Suing the NHS: can the £1bn annual compensation bill continue?

BMJ 2013; 346 doi: https://doi.org/10.1136/bmj.f978 (Published 19 February 2013) Cite this as: BMJ 2013;346:f978
  1. Clare Dyer, legal correspondent, BMJ
  1. claredyer4{at}gmail.com

In the first of a series of Features about compensation for clinical errors, Clare Dyer looks at how cost saving changes in the law might affect patients and the NHS

Eleven-year-old Joseph O’Reggio won £6m (€7m, $9m) compensation last October for errors at his birth that starved his brain of oxygen and left him needing care for the rest of his life. Staff at Wolverhampton’s New Cross Hospital failed to act quickly enough when his heart rate dropped.

What happened to Joe is a tragedy for him and his family, who battled for a decade to win the payout to secure his future. But the story is a depressingly familiar one: there are thousands of Joe O’Reggios.

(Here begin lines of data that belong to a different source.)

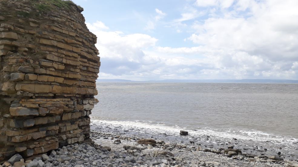 On reaching the coast at Rhoose there is a lovely gap which takes you down on to the pebbly beach with layered cliffs either side of you.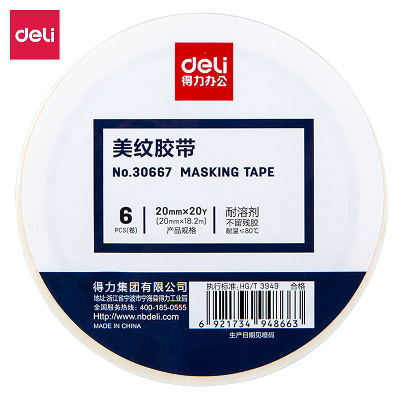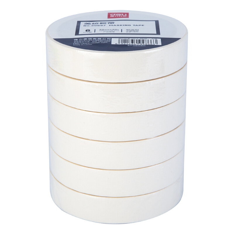 得力30667 美纹纸胶带/装修遮蔽带/无痕纸/贴膜 20mm*20y*145um 6卷装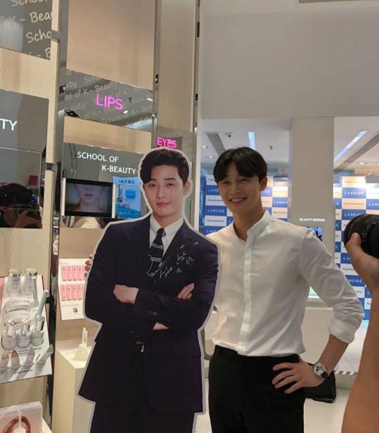 사진 속 박서준은 자신을 본떠서 만든 실물 크기의 판넬 옆에서 미소를 짓고 있다. 훈훈한 비주얼이 시선을 사로잡는다.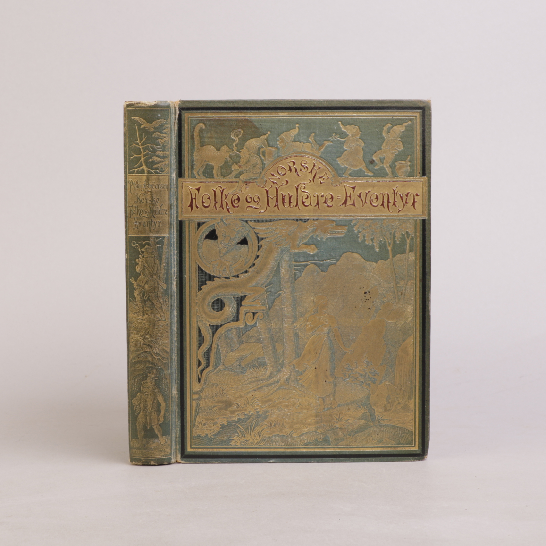 Forlagets dekorerte helsjirtingbind, ”Huldrebindet”.
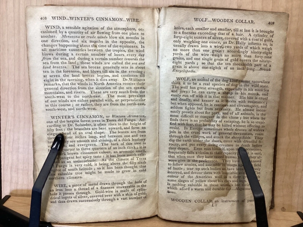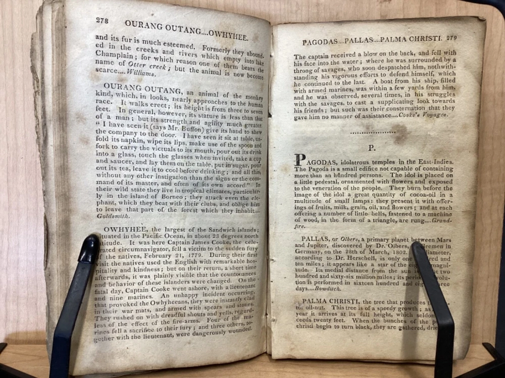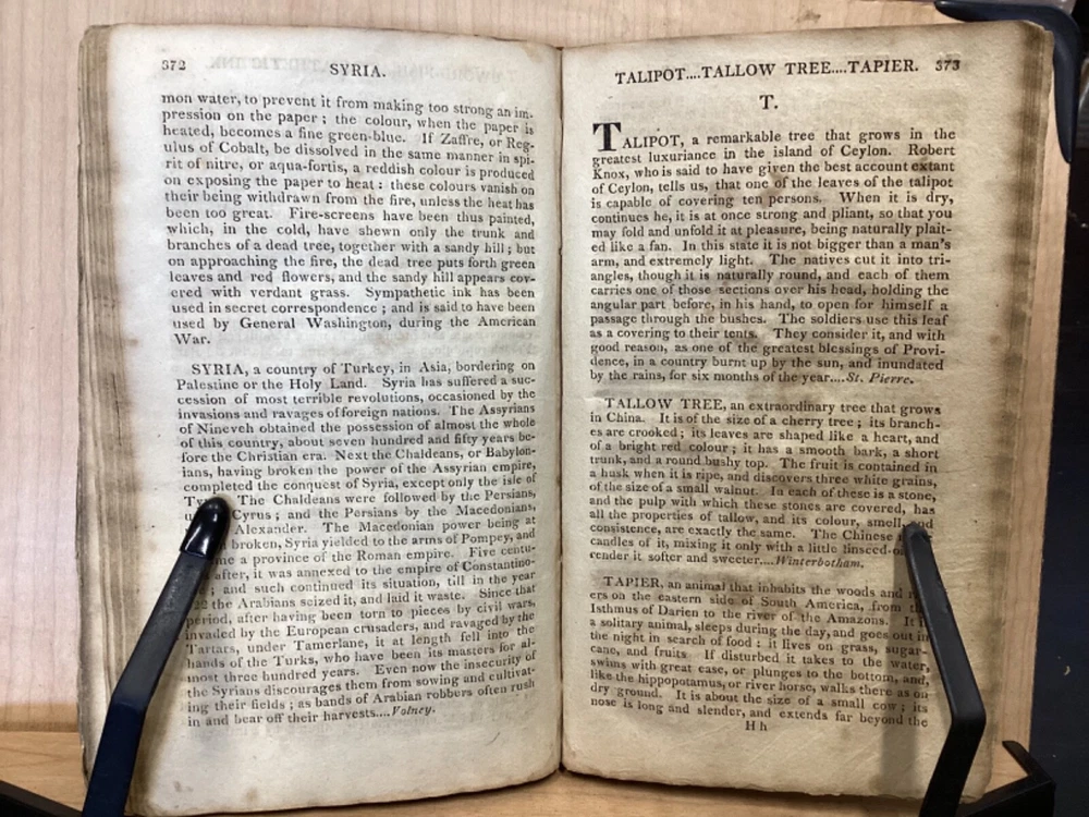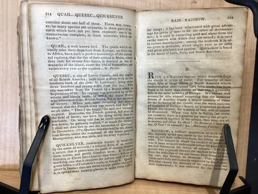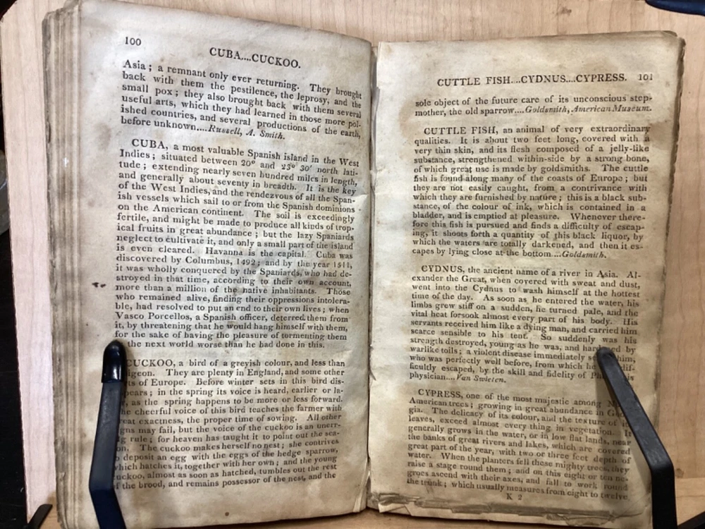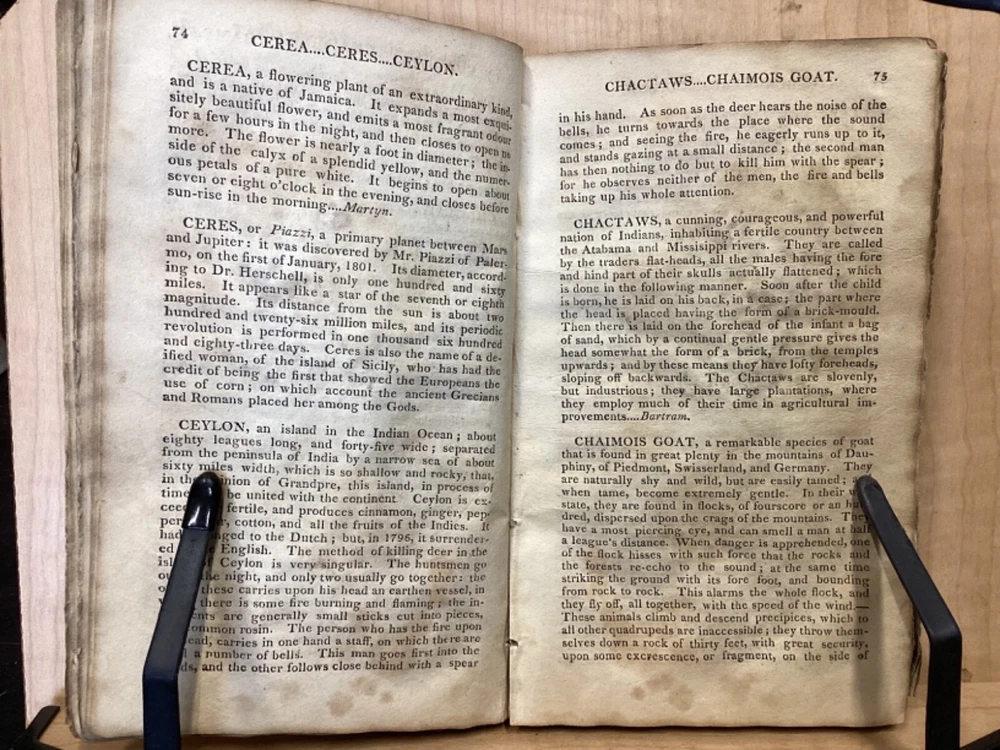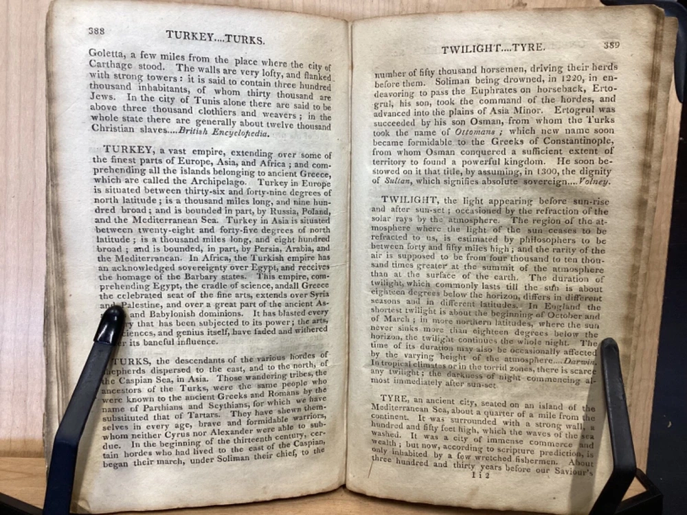 The Youth's Companion, or an Historical Dictionary; Consisting of Articles Selected Chiefly from Natural and Civil History, Geography, Astronomy, Zoology, Botany and Mineralogy; Arranged in Alphabetical Order, by Ezra Sampson, Websters and Skinners, Albany, 1813, 412pp, leather, 4.5 x 7", 18mo Fair condition. Wear and chipping to boards. Tips are bumped and edges are scuffed. Cracking and chipping to spine. Joints and hinges are cracked. Provenance on flyleaf (Samuel Bidwell). Toning, age-staining, tea-staining, and ink-staining throughout textblock. Binding is fragile; numerous pages are beginning to come loose. Please see photos. Ezra Sampson (12 February 1749 - 12 December 1828) was a Massachusetts clergyman and graduate of Yale University. He officiated as chaplain in the camp at Roxbury where he encouraged the patriotic determination of the militia with his vigorous discourses. After retiring from the clergy, he moved to New York and began publication of the "Balance" in 1801. He was also the editor of the "Connecticut Courant" in 1804, and continued to write for the paper until 1817. FORN-TUB-0041-BB-2405-JC768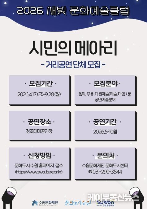 케이부동산뉴스 김교민 기자 | 수원문화재단은 지역 공연예술의 활성화와 수원시민의 주체적 문화예술 참여를 위해 ‘새빛 문화예술클럽 '시민의 메아리'’ 사업에 참여할 생활예술단체를 모집한다.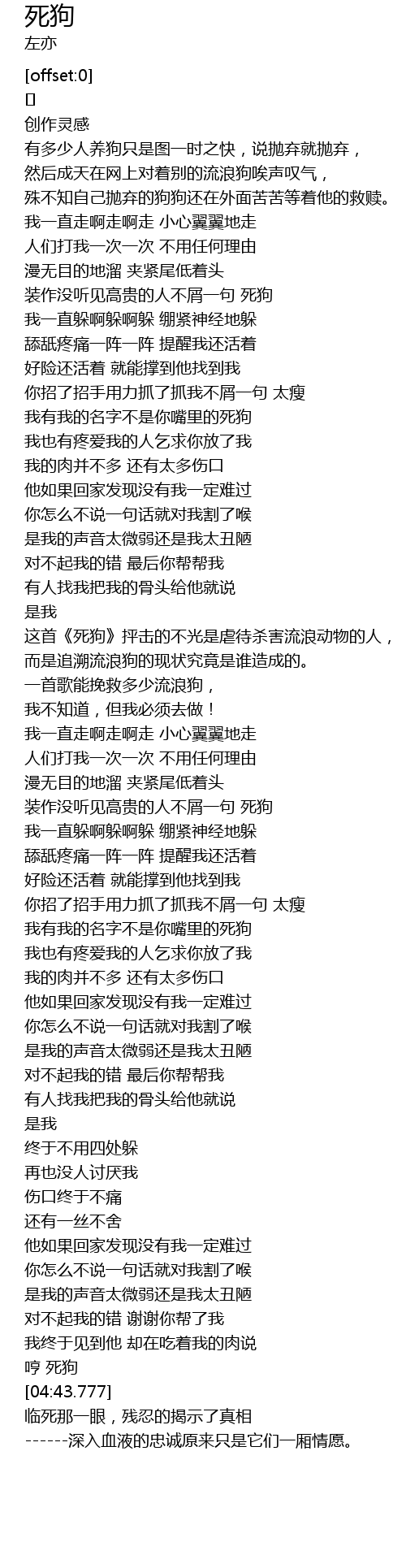 | [02:00.681] | 这首《死狗》抨击的不光是虐待杀害流浪动物的人, |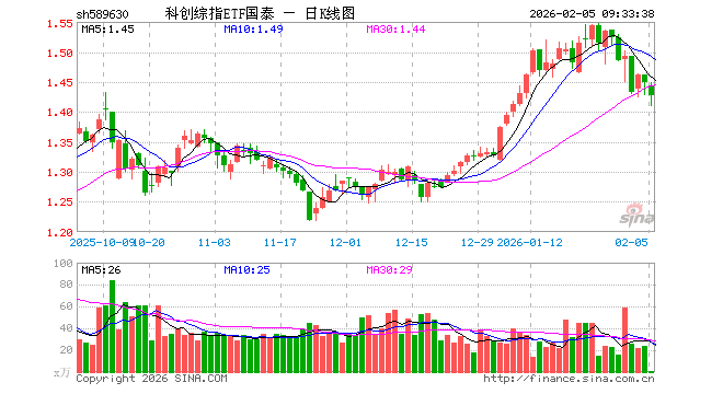 2月5日,科创综指ETF国泰(589630)开盘跌0.35%,报1.443元。科创综指ETF国泰(589630)重仓股方面,寒武纪开盘跌1.68%,海光信息跌2.11%,中芯国际跌1.61%,中微公司跌2.64%,金山办公跌1.32%,澜起科技跌5.28%,百利天恒涨0.75%,联影医疗涨0.04%,影石创新跌0.74%,盛美上海跌2.18%。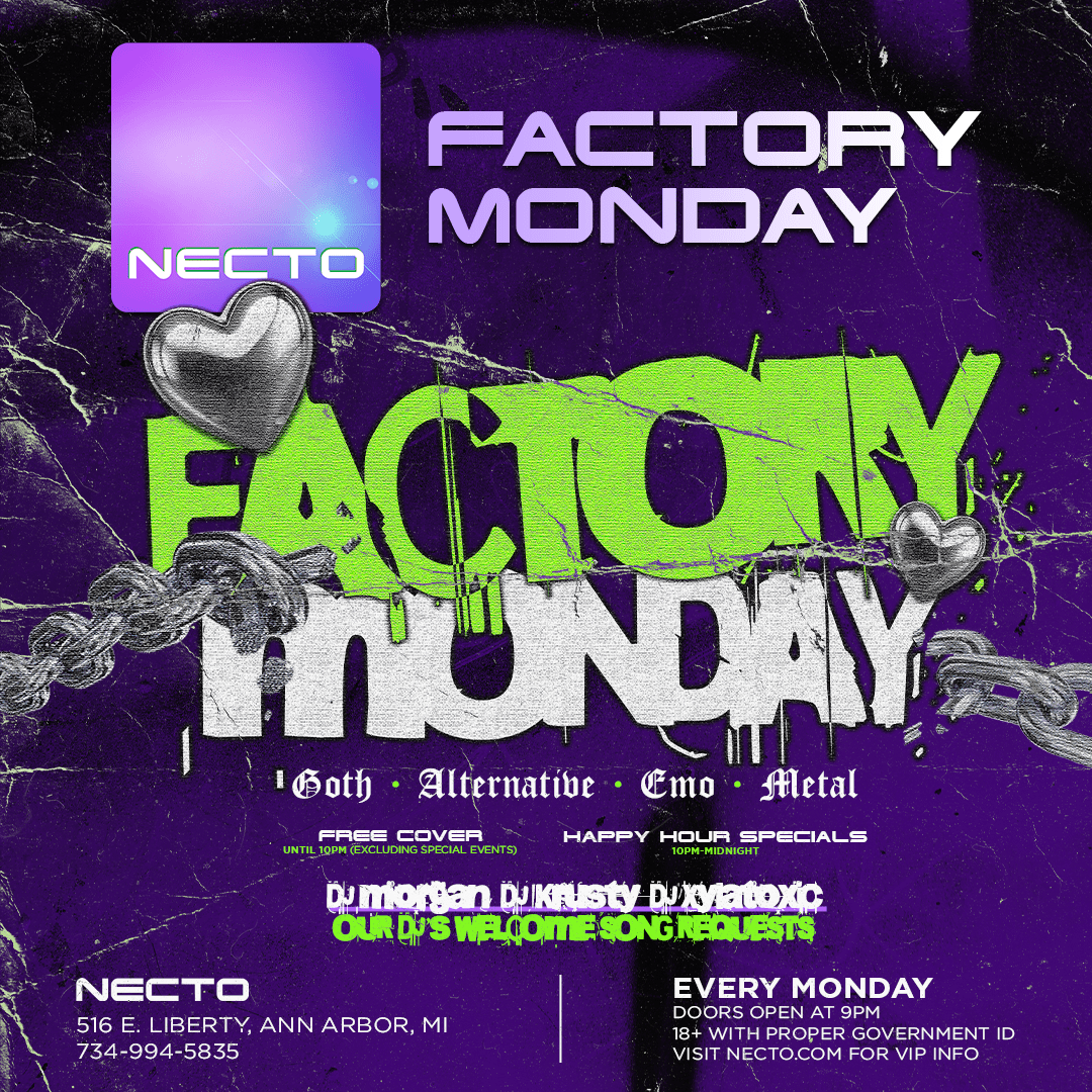 Step into the dark and mysterious world of Factory Mondays. Established in 2004, Factory is an internationally known Goth-Industrial night. We transform our space into a haven for all things goth, emo, metal, and alternative. With a moody atmospheric vibe, our club is the perfect place to express yourself and let loose.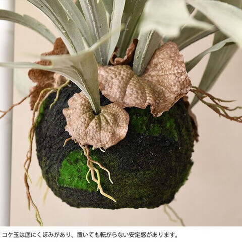 ・コケ玉は底にくぼみがあり、置いても転がらない安定感があります。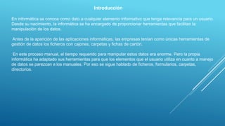El documento presenta una introducción a las bases de datos, describiendo su evolución desde los sistemas de archivos manuales hasta las bases de datos digitales actuales. Explica que una base de datos es un conjunto de datos almacenados sistemáticamente y gestionados por un sistema gestor de bases de datos. Luego describe características comunes de las bases de datos como tablas, registros, campos, claves primarias y claves ajenas. Finalmente, resume los tipos de bases de datos más populares como Oracle, SQL Server, DB2 e IBM.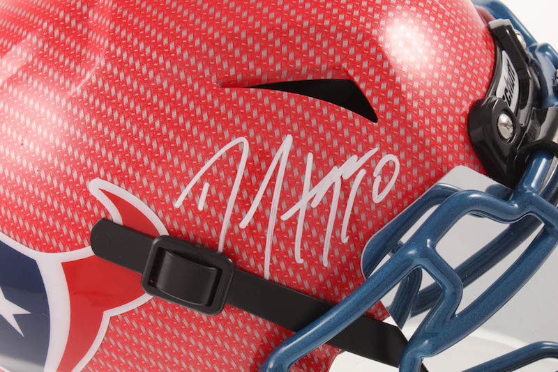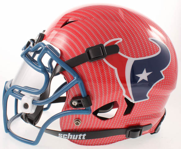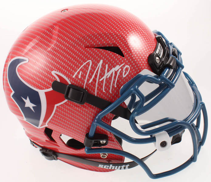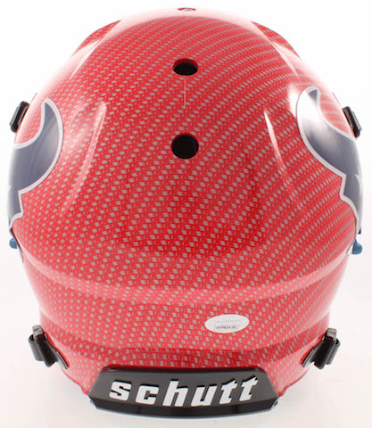 Schutt Houston Texans Youth full-size authentic on-field hydro dipped Vengeance helmet. Includes the visor shown. Has been hand-signed in white paint pen by DeAndre Hopkins.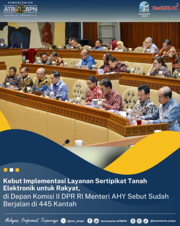 Kebut Implementasi Layanan Sertipikat Tanah Elektronik untuk Rakyat, di Depan Komisi II DPR RI Menteri AHY Sebut Sudah Berjalan di 445 Kantah
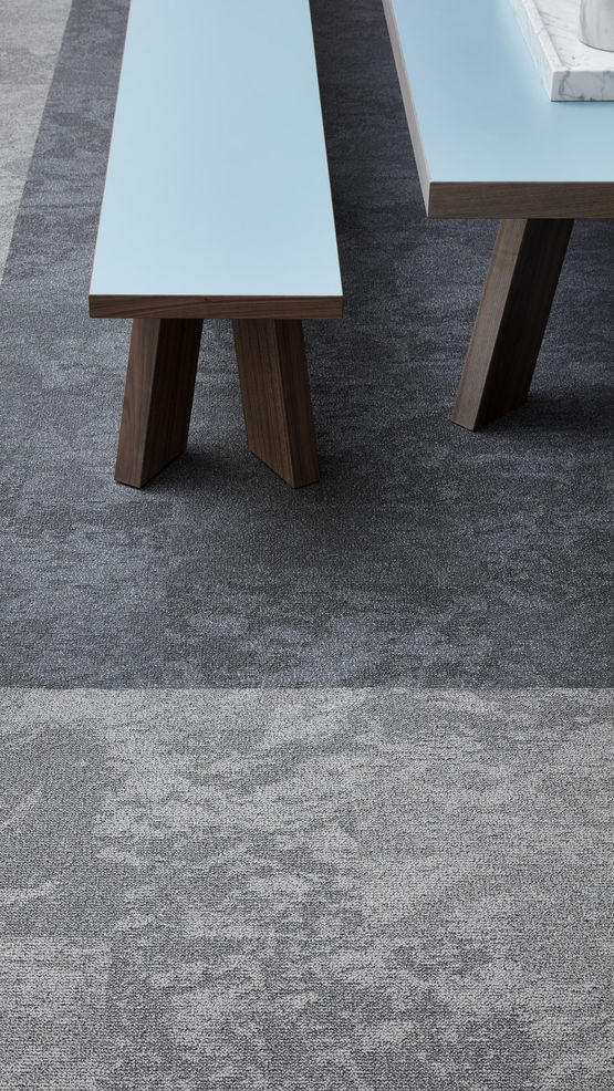 Fabriqués à base de velours bouclé structuré, ces revêtements de sol textile en dalle proposent une formule contenant au moins 75% de contenu recyclé défini positivement selon les critères C2C et SoundMaster, le velours étant à base de BCF PA6 et ECONYL.

The same month as his case was settled, a report from the National Health Service Litigation Authority (NHSLA), which handles clinical negligence claims on behalf of NHS hospital trusts in England, found that birth errors landed the NHS with a £3.1bn legal bill between 2000 and 2010, and it warned that the same mistakes were still being repeated. 1

Fig 1 Number (top) and value (bottom) of reported Clinical Negligence Scheme for Trusts claims for selected specialties, 1 April 1995 to 31 March 20111 (excludes below excess claims handled by trusts before 1 April 2002)

Fig 2 Total number and value of reported Clinical Negligence Scheme for Trusts claims, showing birth errors as proportion of total, 1 April 1995 to 31 March 20111 (excludes below excess claims handled by trusts before 1 April 2002)

The annual NHS bill for damages and legal costs in clinical negligence claims in England breached £1bn for the first time in 2011-12. The surge to £1.28bn, a rise of more than 45% on the previous year’s total of £863m, forced the government to approve an unprecedented …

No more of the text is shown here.